George's Delight

'George's Delight'
Evergreen Rhododendron


"Nature pleases, attracts, delights,
merely because it is nature.
We recognize in it an Infinite Power."

-Karl Wilhelm von Humboldt
(1767-1835)

   

The tricolored flowers of the elipidote rhododendron 'George's Delight' have creamy yellow-white interior, darker yellow deeper in the throat, & edged in vibrant rosy pink.

There can be considerable variation in the tricolor arrangement as the blossoms have more white in the center when first opened, aging to more yellow; & aging from purely rose-pink edging to darker pink sometimes mixing in a bit of salmon-apricot.

There can be as many as thirteen individually large (three-inch) blooms per truss, making for an enormous blossoming in May. It flowers readily & intensely. It likes bright shade, as too much sun fades the flowers prematurely.

George's DelightThe second photo shows it alongside 'Vulcan' simultaneously aflower. Further in the background is some wild salal creeping further into the garden.

Although 'George's Delight' has the general appearance of a large-leafed, large-flowering, huge-sized rhododendron, it is actually quite slow-growing & compact & suited to smaller as well as larger gardens. It's ten-year height is a scant three feet, usually a bit wider than tall.

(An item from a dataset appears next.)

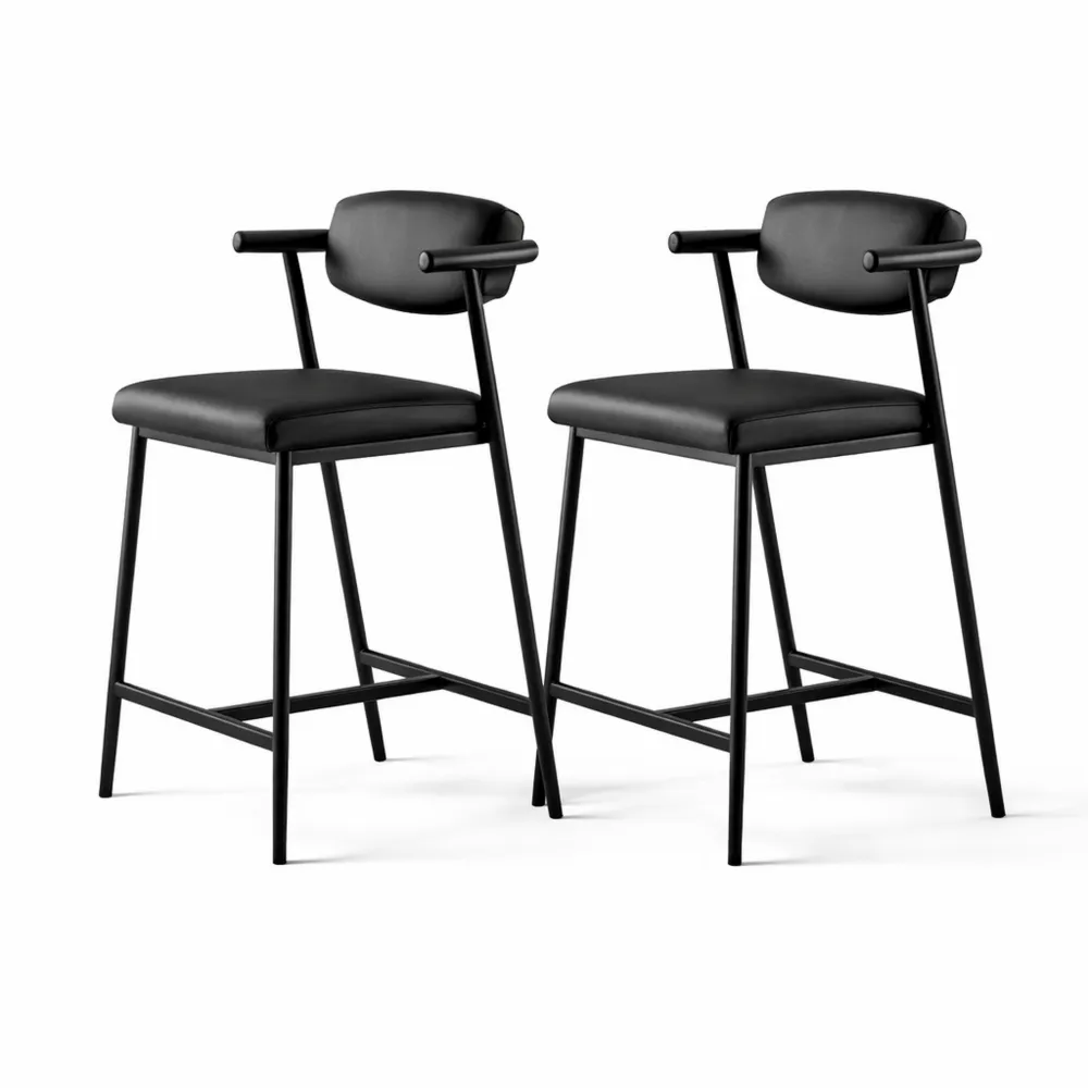 Seduta girevole con altezza regolabile tramite leva metallica. Struttura in acciaio con poggiapiedi circolare e base con guarnizione antiscivolo.

It was developed in 1967 here in the Pacific Northwest by William Whitney. He crossed the yellow 'Crest' aka 'Hawk Crest' (R. wardii x R. 'Lady Bessborough') to a non-production shrub designated only 'Whitney 6002.'

Besides the western Chinese species R. wardii it also has in its complex hybrid history R. fortunei & R. campylacocarpum & no one knows what all else. The heritage of most of the Whitney Farms creations are poorly recorded for three reasons: 1) paperwork wasn't something Bill Whitney was interested in; 2) he did not so often cross primary species as he would cross complex cultivars to complex cultivars, & 3) most of his creations were not really introduced to the world beyond the immediate circle of hybridizer friends & his nursery's regional customers until well after his daughter & son-in-law took over the nursery.

He was a completely self-taught hybridizer with no horticultural background. In 1931 at the age of thirty-seven he visited Malmo Nursery in Seattle & was so overwhelmed by the beauty of the rhododendrons that he bought thirty of them on the spot, with which to landscape his own yard. Within six years he was heavily inolved with the Northwest's extensive & close-knit community of rhododendron breeders.

In 1955 the Whitneys moved to Brinnen, Washington, where Whitney Gardens situated between the glacially formed Hood Canal & the Olympic Mountains remains to this day a veritable tourist attraction. The nursery is still in the family. Bill's daughter Ann & her husband George Sather (for whom 'George's Delight' was named) took over the business in 1970.

It has a fantastical garden of gigantic rhododendrons (in the twenty-foot-plus range!) which begin to reach their annual height of flowering glory about mid-April. Many of their giant specimens are the most redolent of evergreen rhodies, not to mention the sweetly scented deciduous azaleas.

It is well worth a long car-journey to visit their nursery, & return home with something special for the garden. While in Brinnen, which is hardly even one block large, be sure to have lunch at the roadside cafe next door to the nursery. It's a splendid cafe & their individually baked pots of marion berry pie is just about the best pie on earth.